Register Custom Model
POST /api/engine/models/register{
"name": "My Model",
"path": "/absolute/path/to/model",
"url": "https://huggingface.co/..."
}Scan Directory
POST /api/engine/models/scan{ "path": "/path/to/models/directory" }Auto-discovers and registers all valid MLX models in the directory.
Get Active Model
GET /api/engine/models/activeReturns the currently loaded model with id, name, size, path, architecture, context_window, and is_vision. Returns { "model": null } if no model is loaded.
Load Model
POST /api/engine/models/load{ "model_id": "model-uuid", "kv_quantization": 4 }Loads model into MLX memory. Returns context_window and architecture if available. Only one model can be loaded at a time.
kv_quantization: optional, 4 or 8. Enables KV-cache quantization during generation.

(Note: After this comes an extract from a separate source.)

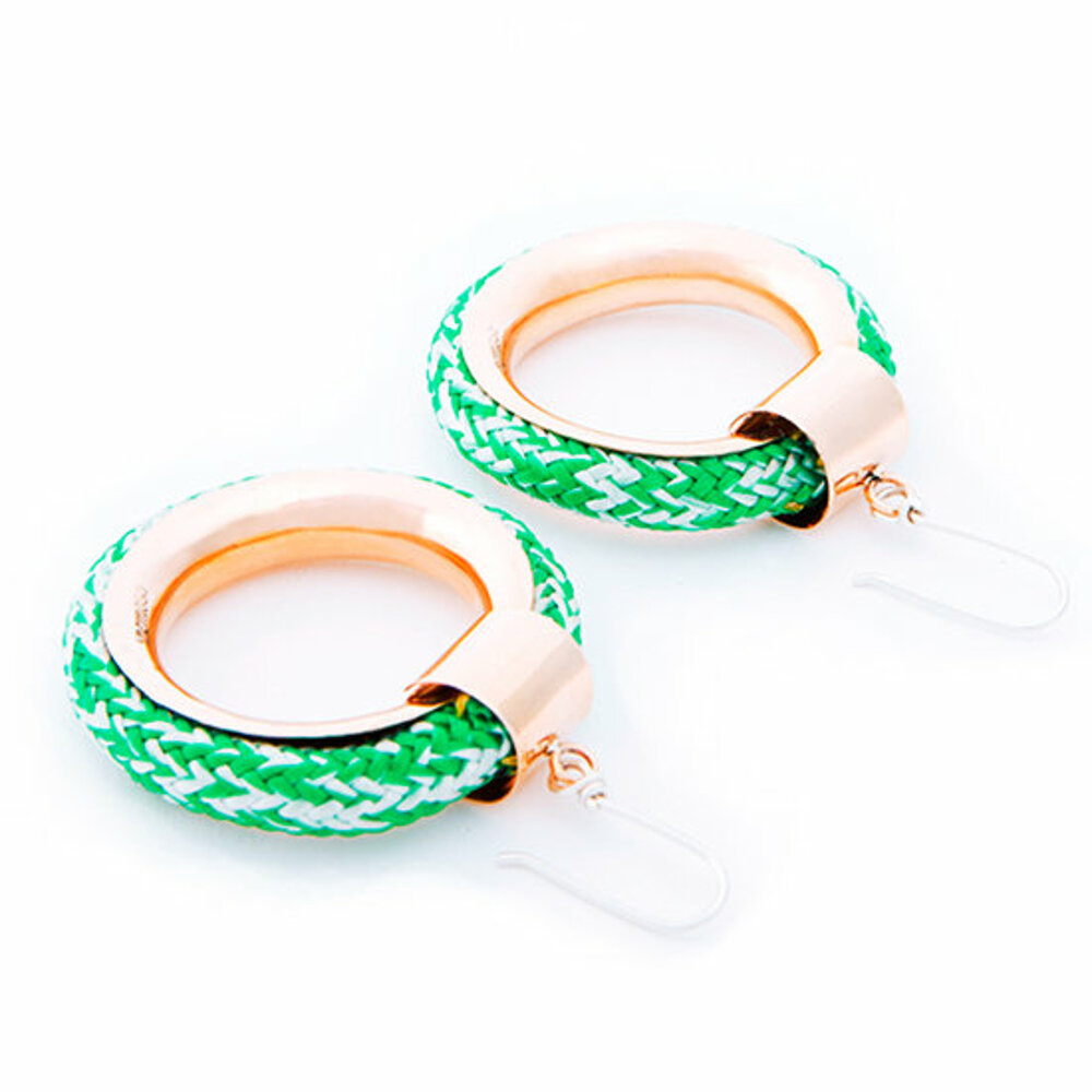 Çiğdem Serdaroğlu tarafından AnemosS koleksiyonu için özel tasarlanmış Marin kadın küpe. Küpe halkası teninize temas ettiği için 925 ayar gümüştür. Halat; yeşil renklidir ve metal malzemesi bronzdur. Günlük hayatınızda basic parçalar ile kullanabileceğiniz gibi plaj kıyafetleriniz ile birlikte de kullanabilirsiniz. Özel tasarım hediye kutusu ile birlikte gönderilmektedir. Böylece hediye etmek içinde iyi bir alternatif olacaktır. Krem, parfüm, alkol, çamaşır suyu gibi maddeler ile temasından kaçınılmalıdır. Ege esintilerinden ilham alınarak oluşturulan AnemosS koleksiyonu tüm deniz tutkunları için tasarlanmıştır.

Omit for no quantization.
Unload Model
POST /api/engine/models/unloadFrees model from memory.
List Adapters
GET /api/engine/models/adaptersReturns models where is_finetuned is true.
Export Model
POST /api/engine/models/export{
"model_id": "adapter-uuid",
"output_path": "/path/to/output",
"q_bits": 4
}q_bits: valid values are 0, 2, 3, 4, 6, 8. 0 = full precision.
Get Model Format
GET /api/engine/models/{model_id}/formatReturns model_type, has_chat_template, eos_token, bos_token, pad_token, and other tokenizer metadata. Useful for determining the chat template format before training.
Chat
Generate (SSE)
POST /api/engine/chat{
"model_id": "model-uuid",
"messages": [
{ "role": "user", "content": "Hello" }
],
"temperature": 0.7,
"max_tokens": 512,
"top_p": 0.9,
"repetition_penalty": 1.1,
"seed": null
}Returns a streaming SSE response. Each event is a JSON object with a text field. The engine uses mlx_lm.stream_generate with a persistent KV cache (make_prompt_cache / trim_prompt_cache) across turns. Common token prefixes are reused automatically.

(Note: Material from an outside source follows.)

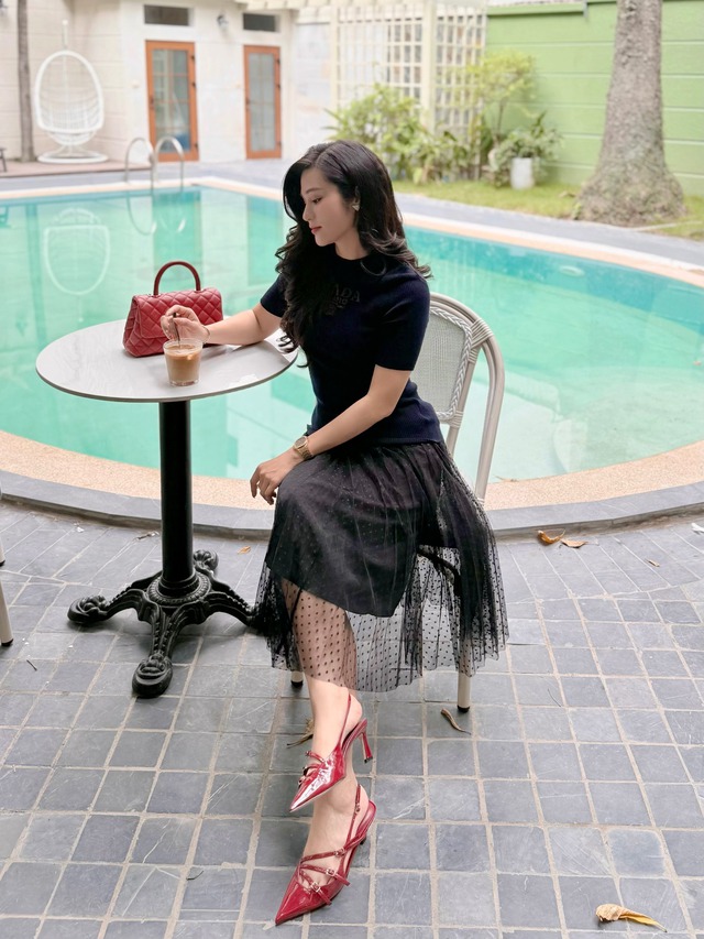 Sometimes, Broadcaster Minh Trang transforms into a poetic muse with a short-sleeved top paired with a stylish gen skirt.

messages[].content can be a string or an array of content parts (for vision models):
[
{ "type": "text", "text": "Describe this image" },
{ "type": "image_url", "image_url": { "url": "data:image/png;base64,..." } }
]Images must be under 20 MB.
Stop Generation
POST /api/engine/chat/stopSignals the active generation to stop. Returns { "status": "stopped" }.
Predict Completion
POST /api/engine/predict{
"model_id": "model-uuid",
"prompt": "def hello(",
"max_tokens": 50
}Non-streaming single-pass completion for inline code suggestions (ghost text). Returns { "text": "..." }.
Fine-Tuning
Start Fine-Tuning
POST /api/engine/finetune{
"model_id": "model-uuid",
"dataset_path": "/path/to/data.jsonl",
"job_name": "my-finetune",
"epochs": 3,
"learning_rate": 1e-4,
"batch_size": 1,
"lora_rank": 8,
"lora_alpha": 16.0,
"lora_dropout": 0.0,
"lora_layers": 8,
"max_seq_length": 512,
"seed": null
}Field ranges: epochs 1–100, batch_size 1–64, lora_rank 1–256, lora_layers 1–128, max_seq_length 64–32768.
Returns { "job_id": "...", "status": "running" }.
Get Job Status
GET /api/engine/jobs/{job_id}Returns current training state: step, epoch, loss, metrics, completion status.